2016 Florida Statutes
348.757 Lease-purchase agreement.—
(1) The authority may enter into a lease-purchase agreement with the department relating to and covering the former Orlando-Orange County Expressway System.
(2) The lease-purchase agreement must provide for the leasing of the former Orlando-Orange County Expressway System, by the authority, as lessor, to the department, as lessee, and must prescribe the term of such lease and the rentals to be paid.
(3) The lease-purchase agreement may include other provisions, agreements, and covenants that the authority and the department deem advisable or required, including, but not limited to, provisions as to the bonds to be issued under, and for the purposes of, this part, the completion, extension, improvement, operation, and maintenance of the former Orlando-Orange County Expressway System and the expenses and the cost of operation of the authority, the charging and collection of tolls, rates, fees, and other charges for the use of the services and facilities of the system, the application of federal or state grants or aid that may be made or given to assist the authority in the completion, extension, improvement, operation, and maintenance of the former Orlando-Orange County Expressway System, which the authority is authorized to accept and apply to such purposes, the enforcement of payment and collection of rentals and any other terms, provisions, or covenants necessary, incidental, or appurtenant to the making of and full performance under the lease-purchase agreement.
(4) The department as lessee under the lease-purchase agreement may pay as rentals under the agreement any rates, fees, charges, funds, moneys, receipts, or income accruing to the department from the operation of the former Orlando-Orange County Expressway System and the Orange County gasoline tax funds and may also pay as rentals any appropriations received by the department pursuant to any act of the Legislature of the state heretofore or hereafter enacted; however, this part or the lease-purchase agreement is not intended to and does not require the making or continuance of such appropriations, and any holder of bonds issued pursuant to this part does not have any right to compel the making or continuance of such appropriations.
(5) A pledge of the Orange County gasoline tax funds as rentals under a lease-purchase agreement may not be made without the consent of the County of Orange evidenced by a resolution duly adopted by the board of county commissioners of said county at a public hearing held pursuant to due notice thereof published at least once a week for 3 consecutive weeks before the hearing in a newspaper of general circulation in Orange County.
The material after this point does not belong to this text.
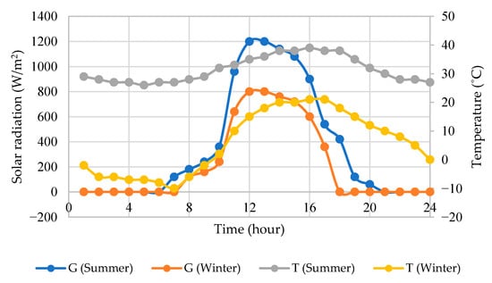 The hourly solar radiation and corresponding air temperature for summer and winter (Tehran, Iran).

The resolution, among other things, must provide that any excess of the pledged gasoline tax funds which is not required for debt service or reserves for the debt service for any bonds issued by the authority shall be returned annually to the department for distribution to Orange County as provided by law. Before making any application for a pledge of gasoline tax funds, the authority shall present the plan of its proposed project to the Orange County planning and zoning commission for its comments and recommendations.
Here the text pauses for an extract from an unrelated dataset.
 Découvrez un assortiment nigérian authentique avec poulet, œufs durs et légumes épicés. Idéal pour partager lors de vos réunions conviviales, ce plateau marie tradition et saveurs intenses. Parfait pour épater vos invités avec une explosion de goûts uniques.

(6) The department may covenant in any lease-purchase agreement that it will pay all or any part of the cost of the operation, maintenance, repair, renewal, and replacement of the system, and any part of the cost of completing the system to the extent that the proceeds of bonds issued are insufficient, from sources other than the revenues derived from the operation of the system and the Orange County gasoline tax funds. The department may also agree to make such other payments from any moneys available to the commission, the county, or the city in connection with the construction or completion of the system as shall be deemed by the department to be fair and proper under any covenants entered into.
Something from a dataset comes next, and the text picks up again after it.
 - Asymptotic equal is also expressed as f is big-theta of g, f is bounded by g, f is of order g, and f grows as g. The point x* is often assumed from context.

(7) The system must be a part of the state road system and the department may, upon the request of the authority, expend out of any funds available for the purpose the moneys, and use its engineering and other forces, as may be necessary, for the operation of the authority and for traffic surveys, borings, surveys, preparation of plans and specifications, estimates of cost, and other preliminary engineering and other studies; provided, however, that the aggregate amount of moneys expended for the purposes by the department do not exceed the sum of $375,000.
(8) The only lease-purchase agreement authorized by this section is the lease-purchase agreement between the department and the authority dated December 23, 1985, as supplemented by a first supplement to the lease-purchase agreement dated November 25, 1986, and a second supplement to the lease-purchase agreement dated October 27, 1988.
(9) Upon the earlier of the defeasance, redemption, or payment in full of the authority bonds issued before July 1, 2012, or the earlier date to which the purchasers of the authority bonds have consented:
(a) The obligations of the department under the lease-purchase agreement with the authority, including any obligation to pay any cost of operation, maintenance, repair, or rehabilitation of the expressway system, terminate;
(b) The lease-purchase agreement terminates;
(c) The expressway system remains the property of the authority and may not be transferred to the department; and
(d) The authority remains obligated to reimburse the department in accordance with the terms of the memorandum of understanding between the authority and the department as ratified by the authority board on February 22, 2012.
History.—s. 7, ch. 63-573; ss. 23, 35, ch. 69-106; s. 103, ch. 77-104; s. 38, ch. 2012-128; s. 103, ch. 2012-174; s. 12, ch. 2014-171; s. 3, ch. 2016-193.